Quant à l’instrument de la politique de ciblage d’inflation, c’est-à-dire le taux d’intérêt de la Banque Centrale le jour au jour, on peut dire que la Banque Centrale a réussi à les baisser graduellement aussi bien dans la période du ciblage d’inflation explicite qu’implicite.

On sait que dans le cadre d’un régime de ciblage d’inflation, la discipline financière est très importante. C’était l’un des points les plus faibles de l’économie turque après les crises de 2000 et de 2001. Mais dès la mise en adoption de la nouvelle politique de ciblage d’inflation, la part de la dette publique est réduite et qu’on a pu assurer une certaine discipline financière puisque la dominance fiscale a été réduite et la profondeur financière a baissé..

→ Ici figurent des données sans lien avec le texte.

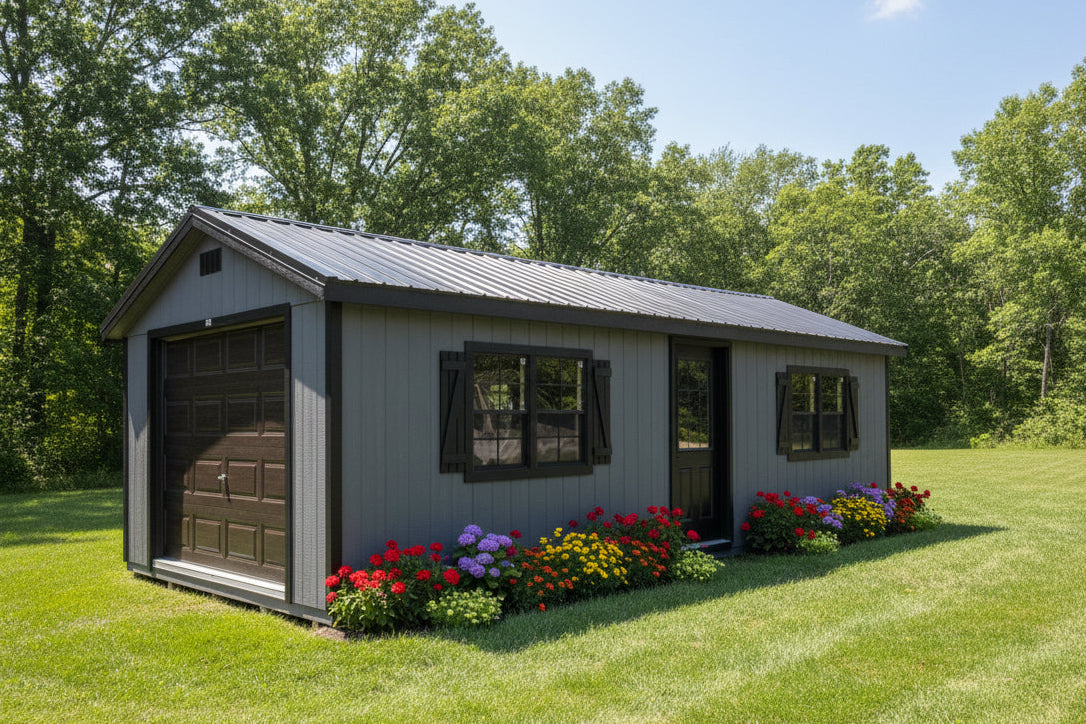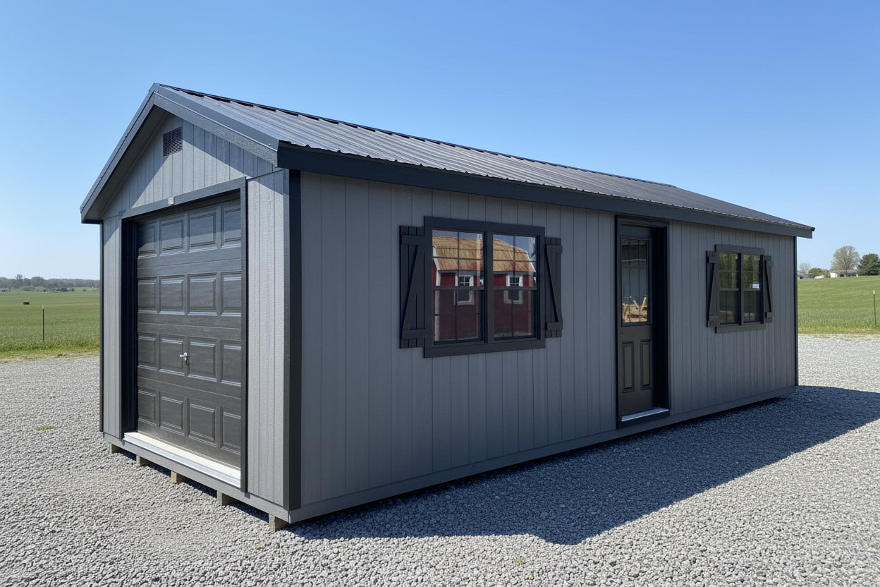 ~ 12X28 Farm Garage Storage Package With Wood Panel Siding ** Roofline - 5/12 Ranch Gable** ~ Building Color - Peppercorn (SW 7674) Super Paint ~ Trim Color - *FASCIA, CORNER, WINDOW & DOOR TRIM* - Tricorn Black (SW6258) Super Paint ~ Steel Roof - Black LC

Enfin, on peut ajouter que l’économie turque a continué à croître sous cette nouvelle politique monétaire : le taux de croissance a passé d’un taux négatif à des taux positifs, dépassant même l’objectif de taux de croissance.

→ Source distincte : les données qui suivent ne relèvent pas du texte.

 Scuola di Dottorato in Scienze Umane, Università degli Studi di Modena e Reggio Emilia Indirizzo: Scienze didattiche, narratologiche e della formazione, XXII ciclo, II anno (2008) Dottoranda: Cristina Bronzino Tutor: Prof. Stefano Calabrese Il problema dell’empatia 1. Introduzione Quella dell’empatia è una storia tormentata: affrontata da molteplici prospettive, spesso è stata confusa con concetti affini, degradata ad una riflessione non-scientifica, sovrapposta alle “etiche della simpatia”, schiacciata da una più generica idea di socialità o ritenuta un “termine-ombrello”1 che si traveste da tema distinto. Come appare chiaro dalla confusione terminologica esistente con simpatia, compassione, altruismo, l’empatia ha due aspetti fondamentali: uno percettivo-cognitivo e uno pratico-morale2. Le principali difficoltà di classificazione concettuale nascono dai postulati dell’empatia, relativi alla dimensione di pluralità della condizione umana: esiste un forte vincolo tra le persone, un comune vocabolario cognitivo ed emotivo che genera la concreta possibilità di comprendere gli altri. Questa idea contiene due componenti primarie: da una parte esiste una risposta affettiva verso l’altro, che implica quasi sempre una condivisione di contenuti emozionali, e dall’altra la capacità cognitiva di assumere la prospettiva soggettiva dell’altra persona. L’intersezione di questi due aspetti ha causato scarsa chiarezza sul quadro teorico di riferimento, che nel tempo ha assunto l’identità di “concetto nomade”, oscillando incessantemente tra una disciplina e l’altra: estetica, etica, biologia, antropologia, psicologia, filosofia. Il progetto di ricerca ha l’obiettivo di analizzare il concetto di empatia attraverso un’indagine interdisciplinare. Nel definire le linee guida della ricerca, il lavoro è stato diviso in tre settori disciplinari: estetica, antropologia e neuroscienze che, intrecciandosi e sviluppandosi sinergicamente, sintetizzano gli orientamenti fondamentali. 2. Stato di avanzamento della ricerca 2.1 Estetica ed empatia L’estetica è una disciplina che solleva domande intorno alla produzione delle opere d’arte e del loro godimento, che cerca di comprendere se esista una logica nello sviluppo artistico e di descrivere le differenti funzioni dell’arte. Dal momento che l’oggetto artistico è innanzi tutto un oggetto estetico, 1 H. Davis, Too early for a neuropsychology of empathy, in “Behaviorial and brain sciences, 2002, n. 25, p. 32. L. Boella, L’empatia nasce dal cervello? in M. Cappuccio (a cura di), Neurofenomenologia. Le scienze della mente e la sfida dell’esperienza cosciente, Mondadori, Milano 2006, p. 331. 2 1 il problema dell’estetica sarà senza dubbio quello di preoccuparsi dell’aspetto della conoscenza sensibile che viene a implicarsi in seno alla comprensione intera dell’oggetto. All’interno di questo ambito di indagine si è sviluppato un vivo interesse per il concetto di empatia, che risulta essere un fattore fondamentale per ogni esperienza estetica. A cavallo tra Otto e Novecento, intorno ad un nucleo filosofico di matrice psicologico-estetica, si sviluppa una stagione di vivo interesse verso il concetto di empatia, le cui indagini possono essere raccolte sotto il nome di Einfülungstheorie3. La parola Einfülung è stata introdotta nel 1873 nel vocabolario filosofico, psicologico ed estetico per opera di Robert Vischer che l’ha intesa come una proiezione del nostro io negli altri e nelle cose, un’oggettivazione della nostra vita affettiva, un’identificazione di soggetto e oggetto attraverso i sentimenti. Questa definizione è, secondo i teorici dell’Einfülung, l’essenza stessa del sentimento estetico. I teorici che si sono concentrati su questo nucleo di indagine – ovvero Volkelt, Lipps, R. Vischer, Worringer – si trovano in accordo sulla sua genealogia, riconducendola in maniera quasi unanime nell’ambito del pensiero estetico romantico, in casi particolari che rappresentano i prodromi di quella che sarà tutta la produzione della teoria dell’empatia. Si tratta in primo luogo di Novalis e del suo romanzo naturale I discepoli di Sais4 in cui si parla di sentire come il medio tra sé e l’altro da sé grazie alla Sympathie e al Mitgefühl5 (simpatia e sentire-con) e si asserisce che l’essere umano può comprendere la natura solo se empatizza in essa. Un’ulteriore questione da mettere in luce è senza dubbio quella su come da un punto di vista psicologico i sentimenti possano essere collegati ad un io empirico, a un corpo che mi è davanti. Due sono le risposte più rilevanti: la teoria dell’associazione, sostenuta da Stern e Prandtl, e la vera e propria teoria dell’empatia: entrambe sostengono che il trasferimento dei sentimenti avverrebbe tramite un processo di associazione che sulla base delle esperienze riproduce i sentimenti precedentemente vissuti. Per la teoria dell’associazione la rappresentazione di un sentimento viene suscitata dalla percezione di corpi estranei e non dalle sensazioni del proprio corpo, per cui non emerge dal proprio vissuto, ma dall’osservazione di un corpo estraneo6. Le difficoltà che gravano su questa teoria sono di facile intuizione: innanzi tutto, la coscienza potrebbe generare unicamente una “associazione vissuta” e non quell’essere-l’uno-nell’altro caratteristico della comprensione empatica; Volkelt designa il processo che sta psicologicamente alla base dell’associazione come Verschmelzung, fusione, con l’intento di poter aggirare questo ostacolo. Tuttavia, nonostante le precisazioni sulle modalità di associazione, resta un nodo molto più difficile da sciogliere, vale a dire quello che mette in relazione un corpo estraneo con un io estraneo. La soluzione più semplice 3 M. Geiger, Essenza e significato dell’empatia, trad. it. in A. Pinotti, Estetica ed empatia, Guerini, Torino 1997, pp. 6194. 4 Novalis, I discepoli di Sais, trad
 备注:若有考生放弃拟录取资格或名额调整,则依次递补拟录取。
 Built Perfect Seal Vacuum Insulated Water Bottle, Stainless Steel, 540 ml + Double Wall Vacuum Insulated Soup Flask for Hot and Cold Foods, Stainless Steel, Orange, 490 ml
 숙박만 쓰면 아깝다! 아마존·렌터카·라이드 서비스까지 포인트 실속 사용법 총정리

La Turquie a adopté la politique de ciblage d’inflation après les échecs de différentes politiques de désinflation. Ces politiques ont souvent échoué à cause du problème de l’incohérence temporelle parce que les politiques prévues ne restaient pas toujours optimales d’une conjoncture économique à l’autre et elles étaient abandonnées à la suite des crises économiques étant elles-même des sources de problèmes de crédibilité et détériorant la crédibilité. A la différence des politiques mises en œuvre avant la politique de ciblage d’inflation, cette dernière a continué et réussie. Le niveau de la crédibilité de la Banque Centrale s’est amélioré grâce à cette politique qui est souvent proposée en tant qu’une politique améliorant le degré de la crédibilité et évitant le biais inflationniste. On peut se demander maintenant en quoi c’est une politique qui améliore le degré de la crédibilité. Dans le chapitre suivant, on va se focaliser sur cette question et essayer de comprendre en quoi il s’agit d’une politique monétaire qui peut améliorer le degré de la crédibilité.